- **EXERCISE DETAILS**
Copy the listing in full and exactly, omitting its images.
____ DATA EXTRACT
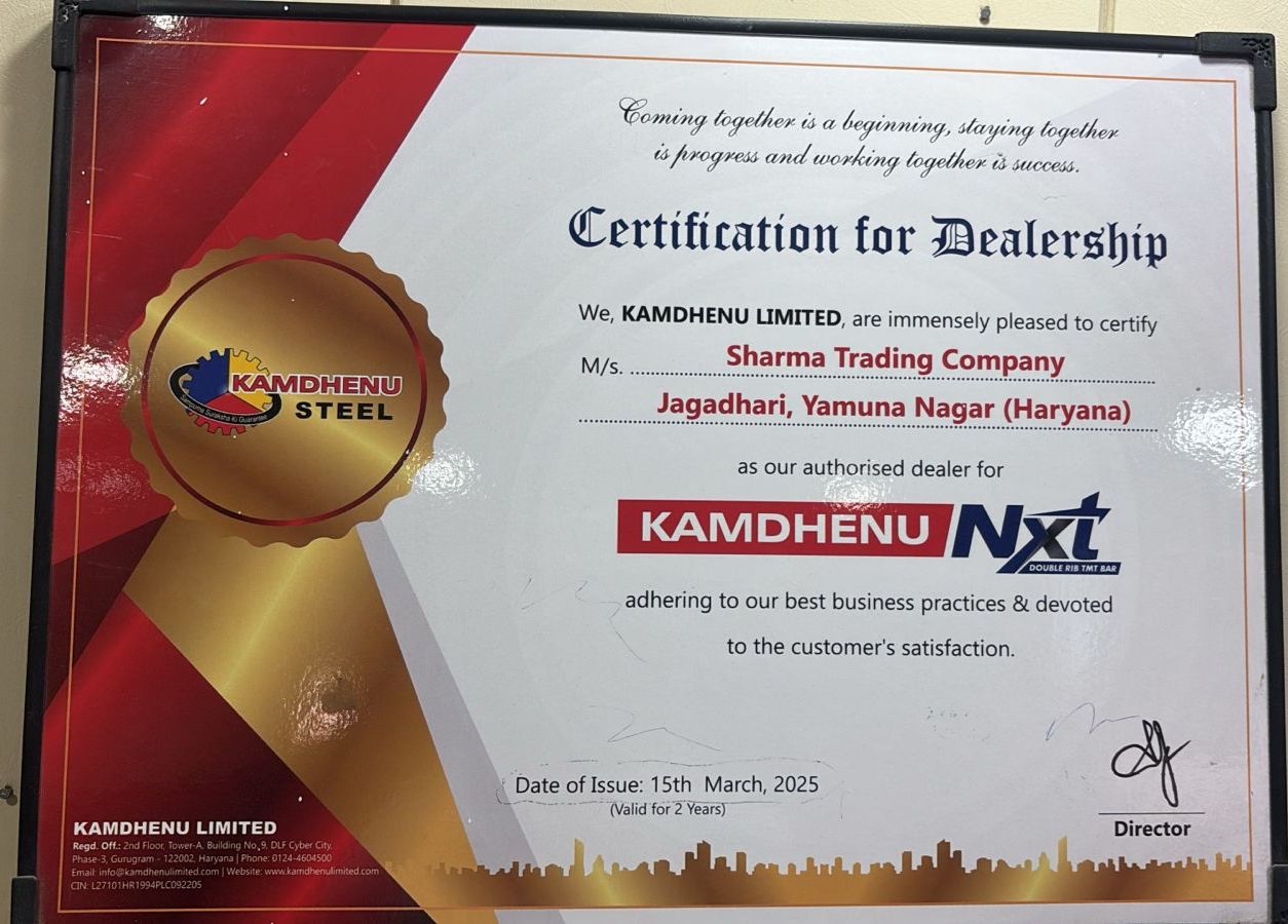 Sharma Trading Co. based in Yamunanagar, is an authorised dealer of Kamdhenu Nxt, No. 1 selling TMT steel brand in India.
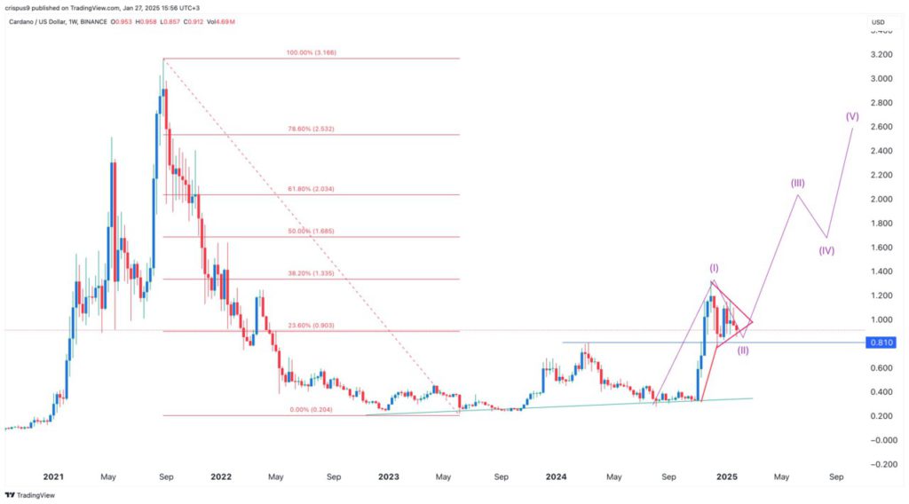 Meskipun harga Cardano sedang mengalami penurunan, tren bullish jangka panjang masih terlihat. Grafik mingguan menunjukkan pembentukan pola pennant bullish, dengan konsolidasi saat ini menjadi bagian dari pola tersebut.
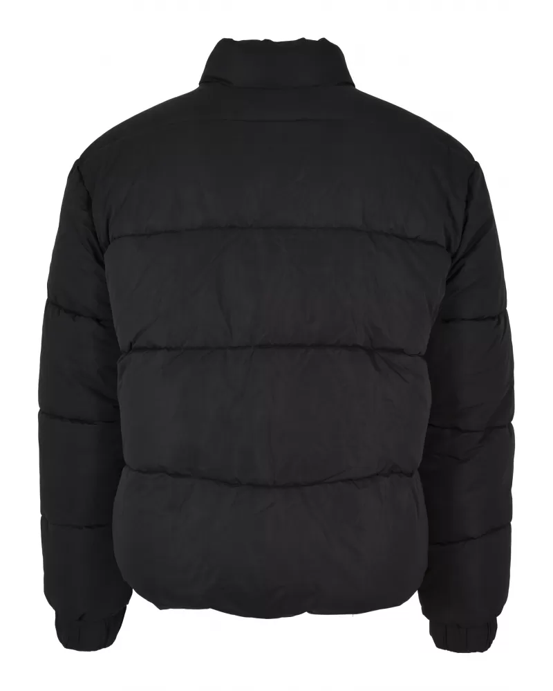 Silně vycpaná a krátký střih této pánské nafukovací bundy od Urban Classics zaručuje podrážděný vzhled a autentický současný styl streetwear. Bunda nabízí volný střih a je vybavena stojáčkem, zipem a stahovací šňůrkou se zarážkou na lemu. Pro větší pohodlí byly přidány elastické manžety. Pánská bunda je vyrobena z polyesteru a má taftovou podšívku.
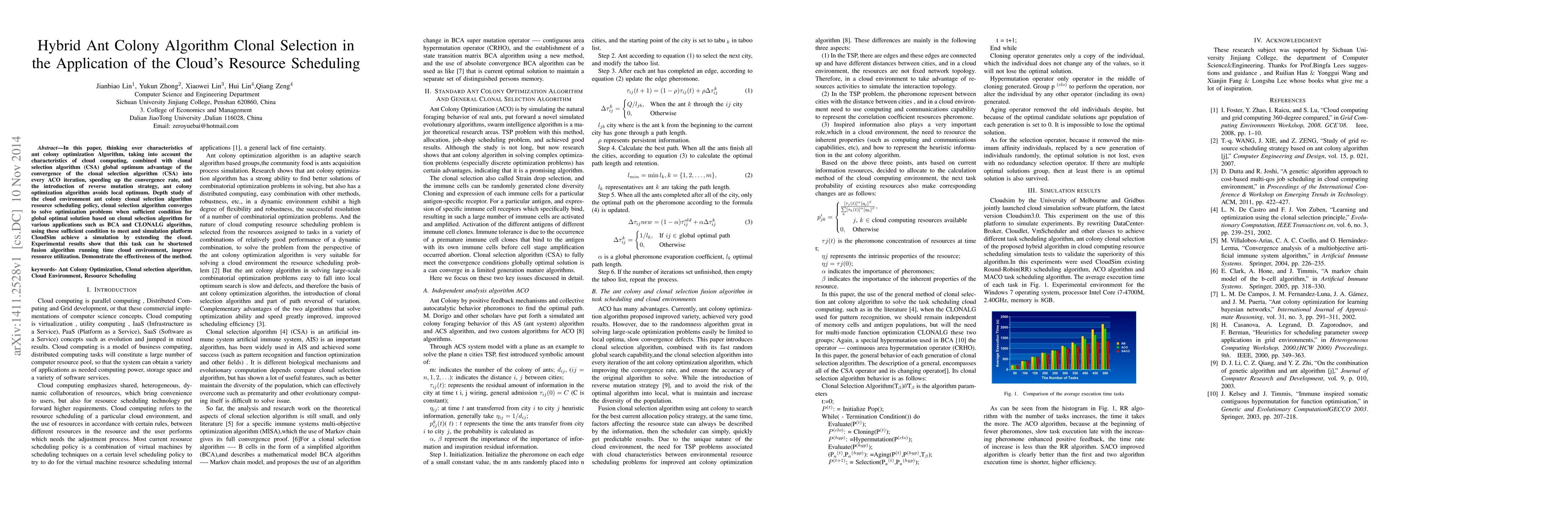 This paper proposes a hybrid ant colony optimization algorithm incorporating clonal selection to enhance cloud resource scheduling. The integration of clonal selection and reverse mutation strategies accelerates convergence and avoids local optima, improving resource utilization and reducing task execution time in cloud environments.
________
- **RESPONSE TO THIS EXERCISE**
 Sharma Trading Co. based in Yamunanagar, is an authorised dealer of Kamdhenu Nxt, No. 1 selling TMT steel brand in India.
 Meskipun harga Cardano sedang mengalami penurunan, tren bullish jangka panjang masih terlihat. Grafik mingguan menunjukkan pembentukan pola pennant bullish, dengan konsolidasi saat ini menjadi bagian dari pola tersebut.
 Silně vycpaná a krátký střih této pánské nafukovací bundy od Urban Classics zaručuje podrážděný vzhled a autentický současný styl streetwear. Bunda nabízí volný střih a je vybavena stojáčkem, zipem a stahovací šňůrkou se zarážkou na lemu. Pro větší pohodlí byly přidány elastické manžety. Pánská bunda je vyrobena z polyesteru a má taftovou podšívku.
 This paper proposes a hybrid ant colony optimization algorithm incorporating clonal selection to enhance cloud resource scheduling. The integration of clonal selection and reverse mutation strategies accelerates convergence and avoids local optima, improving resource utilization and reducing task execution time in cloud environments.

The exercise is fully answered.